Cliveden House business card

Cliveden House is a stately home in Taplow, not too far from Bray, and after a rather illustrious past (it’s where much of the Profumo affair took place) it’s now owned by the National Trust and leased as a five star hotel.

It’s still very much a work in progress; some of the grounds were in the middle of being renovated and the hotel entrance and library room (not to mention the first floor terrace) could do with a bit of a makeover but even still, it’s an utterly beautiful place.

Cliveden House

The dining room (which really is the star of the show) was stunning; elegant and grand without feeling awkwardly stuffy. We had a table right by the open window with views of the rolling countryside – you could see for miles.

Dining room

The view

On Sunday lunch they offer three courses for £50 from a menu that all sounded rather enticing. Seared Orkney scallops drenched in a rich lovage velouté sprinkled with fresh peas saw some of the finest scallops I’ve tasted in a long while; seasoned beautifully with a crisp exterior.


My lime cured South Coast mackerel would only have been better if the accompanying compressed peaches had been more ripe; they were a little sharp and tough to cut through. The flavour of the mackerel was lovely though.


The ballotine of confit duck leg was beautifully rich which was partly due to the exquisite foie gras centre. The crunchy French bean salad helped cut through all that richness perfectly.


We were kindly treated to an extra dish as a gift from the kitchen; roasted Loch Duart salmon which was easily the best thing we ate. The salmon was so soft and flakey with the crispest skin possible and the sauce, filled with soft cockles and clams, was addictively good.


For main, the roast chateaubriand of beef was a cracking Sunday roast. Great big yorkies, crispy and well seasoned potatoes, plenty of gravy (sorry ‘Madeira jus’) and thick slices of soft, tender beef. There was plenty of it too.
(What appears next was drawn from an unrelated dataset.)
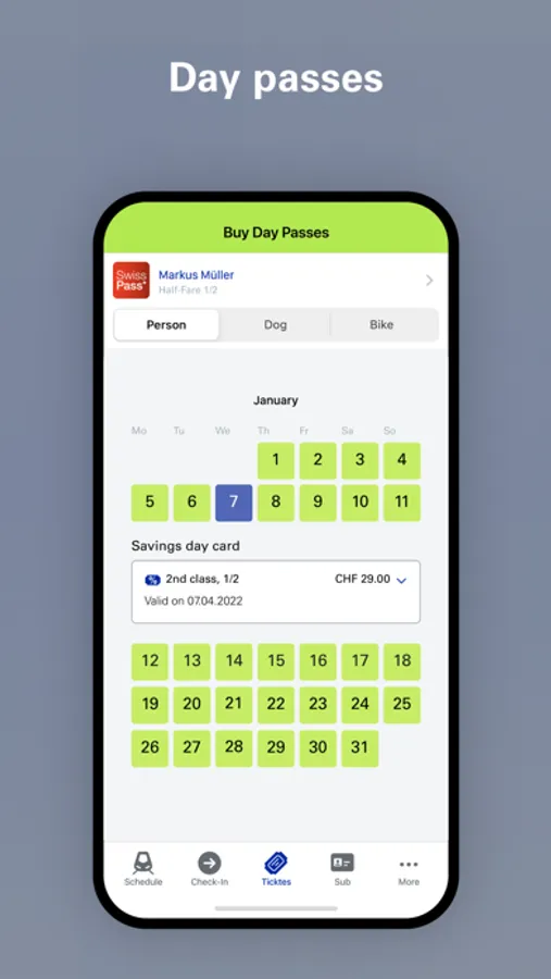 Simply buy your tickets before your journey or use the all-Switzerland check-in and check-out function. Ride more than you pay and buy a multiple-journey ticket. This allows you to pay either before or after travelling. In addition, the app allows you to check timetables across the whole of Switzerland for bus, tram, train and ship.

I went for the Yorkshire Red grouse which came generously drenched in Cliveden Estate elderberry jus which had the perfect balance between sharp and sweet; a great companion for the gamey meat. The little slice of toast smothered in the livers (and quite possibly the rest of the bird’s innards) wasn’t for the faint hearted but I loved every mouthful.
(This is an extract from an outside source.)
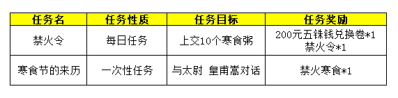 ·“禁火寒食”为节日限定称号,详情如下:

For desserts, the almond panna cotta topped with Gariguette strawberries was a bit too sweet for me. The pavé of Araguani chocolate with aerated milk chocolate and a brilliant thyme ice cream was a fantastic blend of flavours. The highlight however had to be the caramelised banana soufflé which came topped with the most delicious peanut butter ice cream – it was the tastiest soufflé I’ve eaten in a long time.

Panna cotta



Cliveden House was the perfect choice for a spot of Sunday lunch with my parents; a beautiful lunch followed by a long stroll round the grounds made for such a pleasant day out. The staff were so friendly too which made us feel relaxed as soon as we arrived – it really is worth a visit.